• Data section:

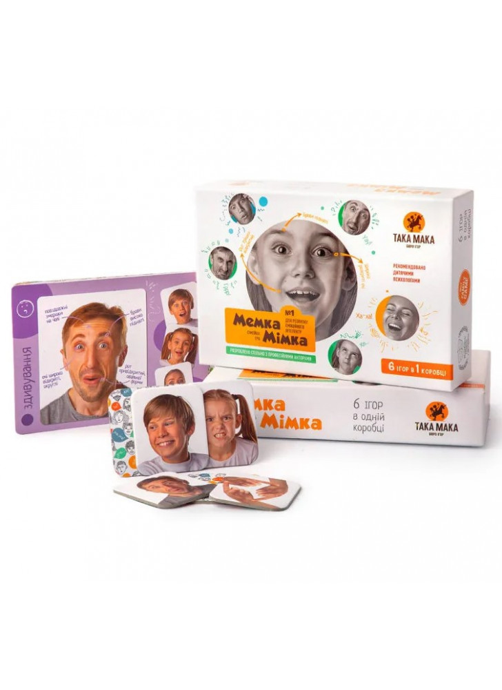 Мемка Мімка 2 -Розширена версія вже відомої настільної гри “Мемка Мімка”. Мемка Мімка 2 це гра на розвиток емоційного інтелекту. Більше емоцій, більше ігор – усе, щоб навчитись краще розпізнавати та розуміти емоції, збагатити словниковий запас, розвинути комунікативні навички, акторські здібності, фантазію та вміння висловлювати свою думку. У коробці є вісім ігор, які розвивають також і пам’ять, почуття гумору, фантазію та гарантують вечір розваг та сміху для малої і великої компанії без обмежень у віці.
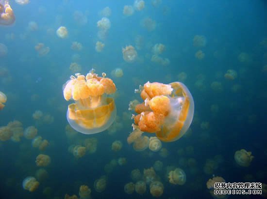 在帕劳群岛,各种绚丽好玩的活动,不比海洋少一分色彩。例如垂钓,一个不留神,钓上来的就可能是重达200公斤的蓝色马林鱼、旗鱼、金枪鱼。为了让更多人热爱垂钓这项活动,帕劳垂钓协会每年四五月间举行一次钓鱼比赛,胜出者能获得丰厚的现金奖。还可以带着齐全的打鱼工具出海,但是不要去捉蝠鲼,它是海洋里的“除草机”,能吃掉海藻保护珊瑚。这种体形庞大的鱼,张开“翅膀”像一只巨大的蝙蝠,又像轰炸机,身后拖着一条又细又长的尾巴,不就是电影《海底总动员》里小丑鱼尼莫的老师吗?因为样子怪怪的,发起火来能把船顶翻,有人叫它魔鬼鱼,其实它很温驯,以甲壳动物或成群的小鱼小虾为食,吃饱了就围着礁石游来游去,让小鱼“医生”清理一下腮,高兴了成双成对“飞”出水面滑翔。只要不惹怒它,它会安静甚至友好地让潜水者接近,摸摸抱抱。 在帕劳的海里,可以抱抱的生灵多了。你敢想象抱住一大朵水母么?就是那种伞状,透明的,在海水里漂啊漂,极其美丽然而极其危险的浮游动物。帕劳有个水母湖,拥有了世界上独一无二的无毒水母。在数万年前,水母湖曾是海的一部分,由于地壳运动,周围的海床升高,逐渐将它与外海隔绝,形成了一个内陆咸水湖。湖中大多数海洋生物都随着养分的消耗而消亡,只剩下了靠少量微生物就可以生存的水母。由于天敌消失,水母渐渐丢弃了防身武器——身体内的毒素。成千上万朵水母在你身边漂浮,散发出淡淡的橘色光芒,尽可以抱着它们拍照、嬉戏,但不要伤害它们。
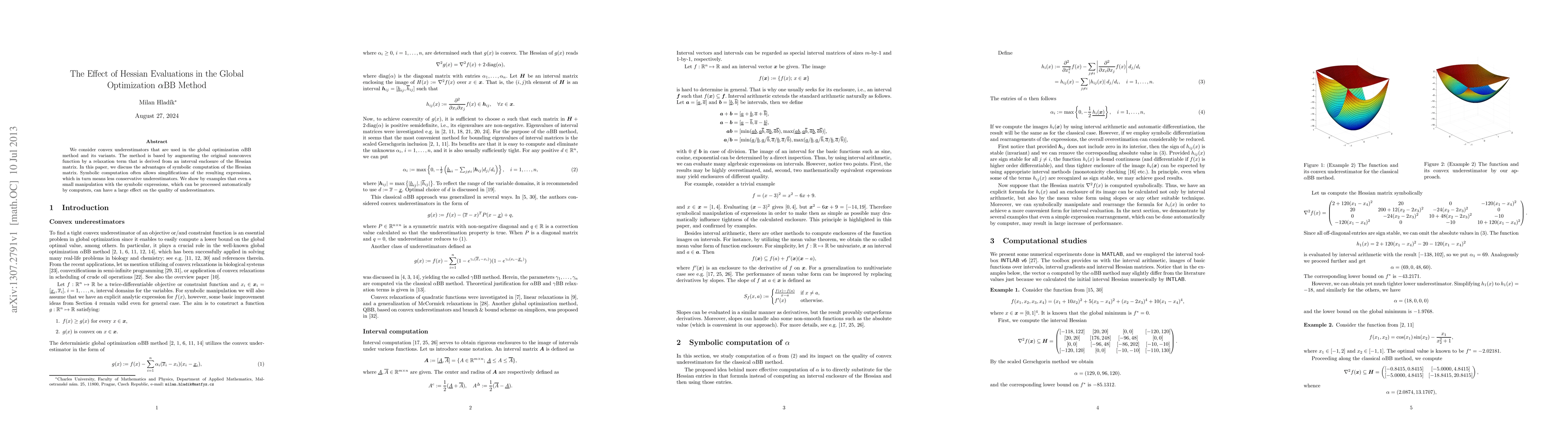 We consider convex underestimators that are used in the global optimization {\alpha}BB method and its variants. The method is based by augmenting the original nonconvex function by a relaxation term that is derived from an interval enclosure of the Hessian matrix. In this paper, we discuss the advantages of symbolic computation of the Hessian matrix. Symbolic computation often allows simplifications of the resulting expressions, which in turn means less conservative underestimators. We show by examples that even a small manipulation with the symbolic expressions, which can be processed automatically by computers, can have a large effect on the quality of underestimators.
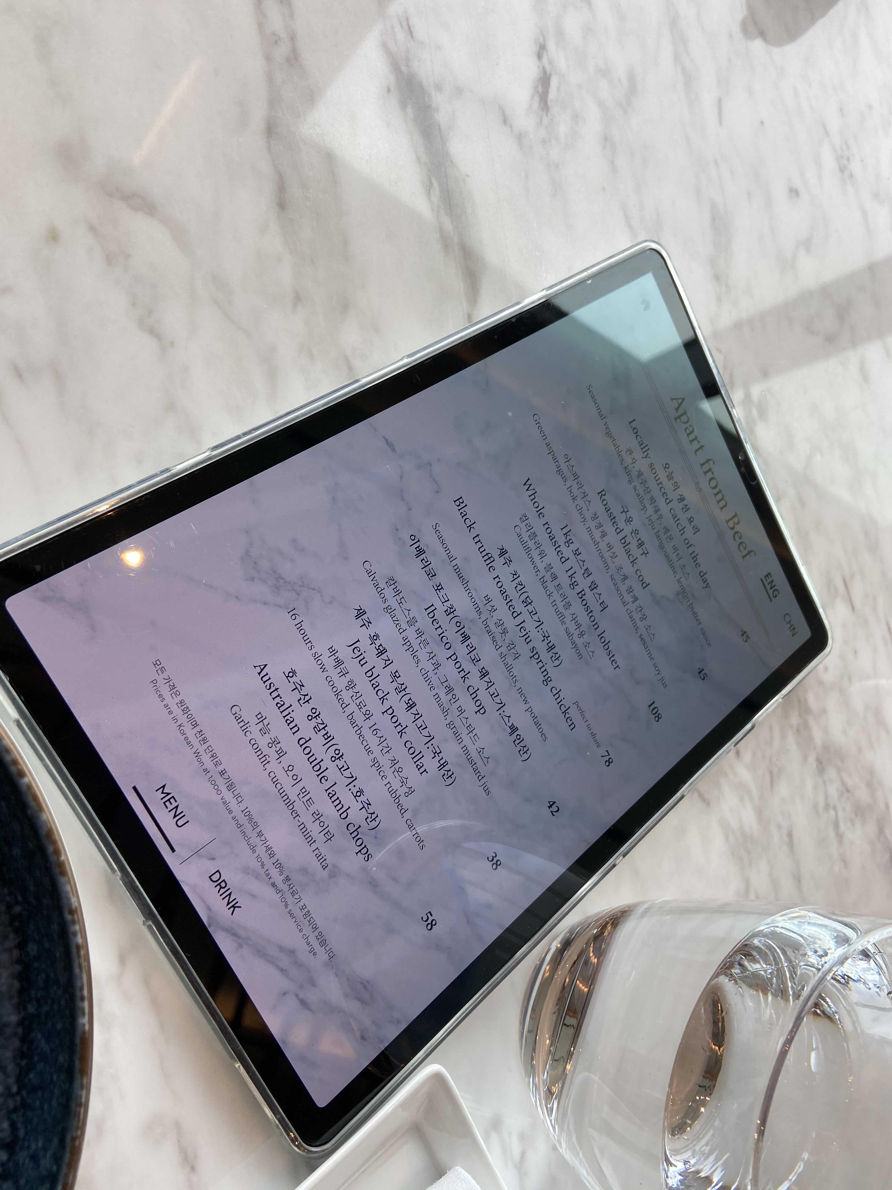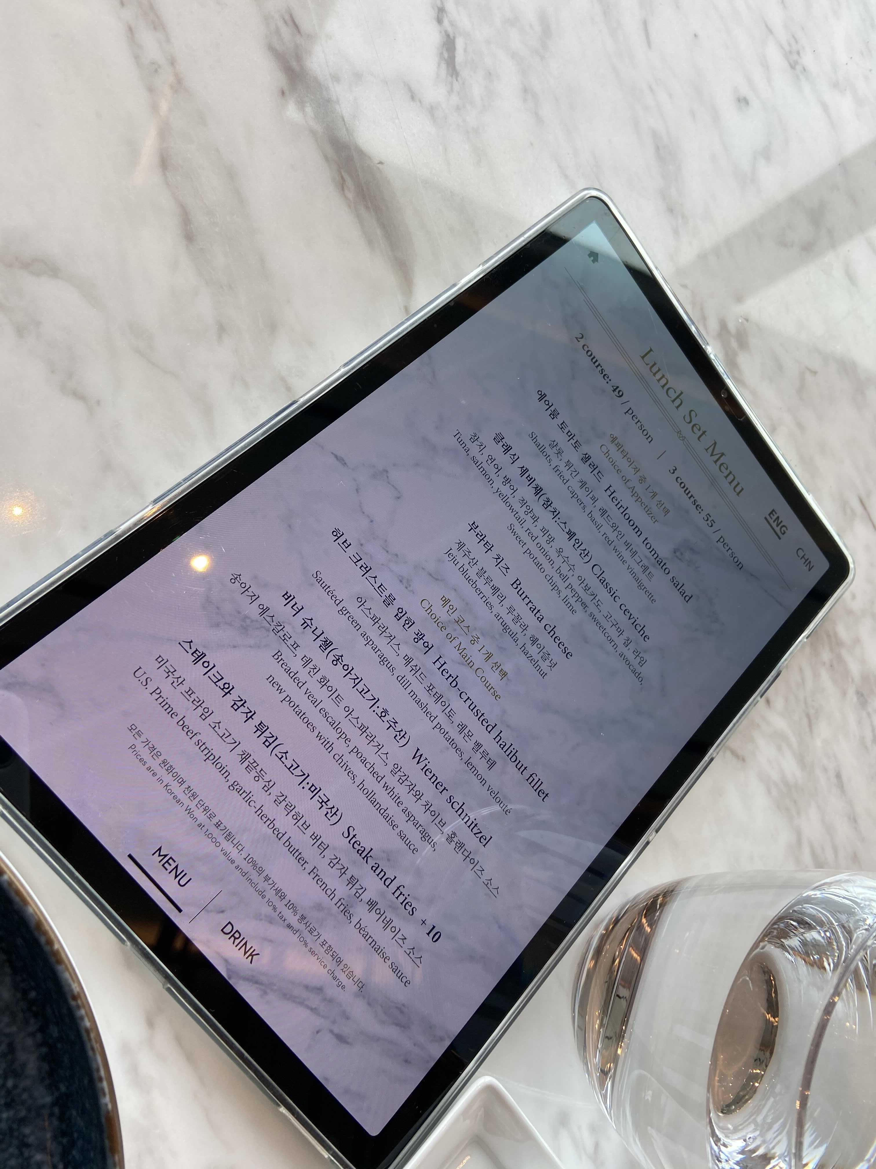 메뉴는 테블릿으로 넘기면서 볼수 있다
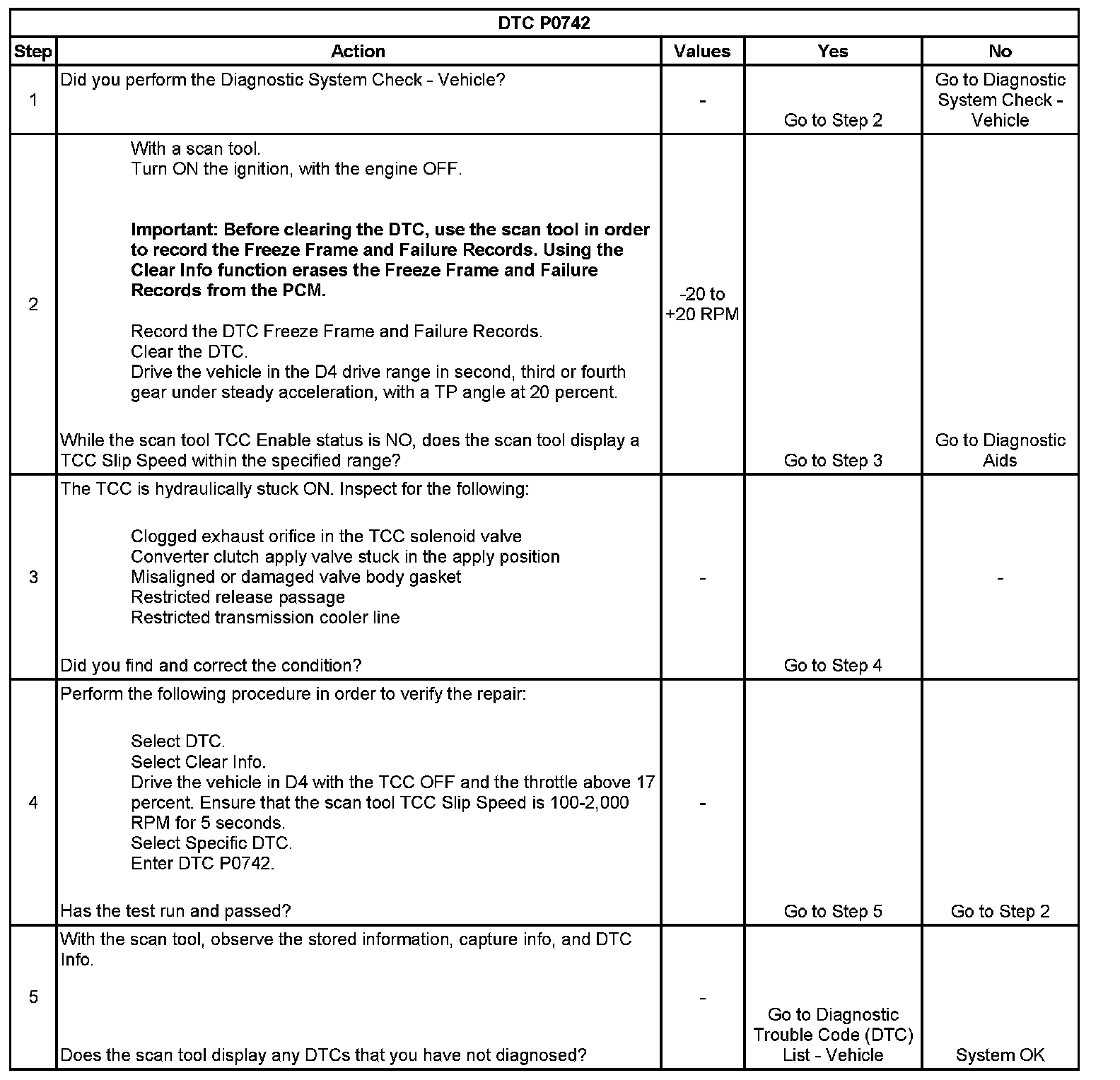 When the PCM detects low TCC slip speed when the TCC is commanded OFF, then DTC P0742 sets. DTC P0742 is a type B DTC.

• Task goal:
Write the listing above out again exactly, but not the images it holds.

• Answer to the exercise:
 Мемка Мімка 2 -Розширена версія вже відомої настільної гри “Мемка Мімка”. Мемка Мімка 2 це гра на розвиток емоційного інтелекту. Більше емоцій, більше ігор – усе, щоб навчитись краще розпізнавати та розуміти емоції, збагатити словниковий запас, розвинути комунікативні навички, акторські здібності, фантазію та вміння висловлювати свою думку. У коробці є вісім ігор, які розвивають також і пам’ять, почуття гумору, фантазію та гарантують вечір розваг та сміху для малої і великої компанії без обмежень у віці.
 在帕劳群岛,各种绚丽好玩的活动,不比海洋少一分色彩。例如垂钓,一个不留神,钓上来的就可能是重达200公斤的蓝色马林鱼、旗鱼、金枪鱼。为了让更多人热爱垂钓这项活动,帕劳垂钓协会每年四五月间举行一次钓鱼比赛,胜出者能获得丰厚的现金奖。还可以带着齐全的打鱼工具出海,但是不要去捉蝠鲼,它是海洋里的“除草机”,能吃掉海藻保护珊瑚。这种体形庞大的鱼,张开“翅膀”像一只巨大的蝙蝠,又像轰炸机,身后拖着一条又细又长的尾巴,不就是电影《海底总动员》里小丑鱼尼莫的老师吗?因为样子怪怪的,发起火来能把船顶翻,有人叫它魔鬼鱼,其实它很温驯,以甲壳动物或成群的小鱼小虾为食,吃饱了就围着礁石游来游去,让小鱼“医生”清理一下腮,高兴了成双成对“飞”出水面滑翔。只要不惹怒它,它会安静甚至友好地让潜水者接近,摸摸抱抱。 在帕劳的海里,可以抱抱的生灵多了。你敢想象抱住一大朵水母么?就是那种伞状,透明的,在海水里漂啊漂,极其美丽然而极其危险的浮游动物。帕劳有个水母湖,拥有了世界上独一无二的无毒水母。在数万年前,水母湖曾是海的一部分,由于地壳运动,周围的海床升高,逐渐将它与外海隔绝,形成了一个内陆咸水湖。湖中大多数海洋生物都随着养分的消耗而消亡,只剩下了靠少量微生物就可以生存的水母。由于天敌消失,水母渐渐丢弃了防身武器——身体内的毒素。成千上万朵水母在你身边漂浮,散发出淡淡的橘色光芒,尽可以抱着它们拍照、嬉戏,但不要伤害它们。
 We consider convex underestimators that are used in the global optimization {\alpha}BB method and its variants. The method is based by augmenting the original nonconvex function by a relaxation term that is derived from an interval enclosure of the Hessian matrix. In this paper, we discuss the advantages of symbolic computation of the Hessian matrix. Symbolic computation often allows simplifications of the resulting expressions, which in turn means less conservative underestimators. We show by examples that even a small manipulation with the symbolic expressions, which can be processed automatically by computers, can have a large effect on the quality of underestimators.
 메뉴는 테블릿으로 넘기면서 볼수 있다
 When the PCM detects low TCC slip speed when the TCC is commanded OFF, then DTC P0742 sets. DTC P0742 is a type B DTC.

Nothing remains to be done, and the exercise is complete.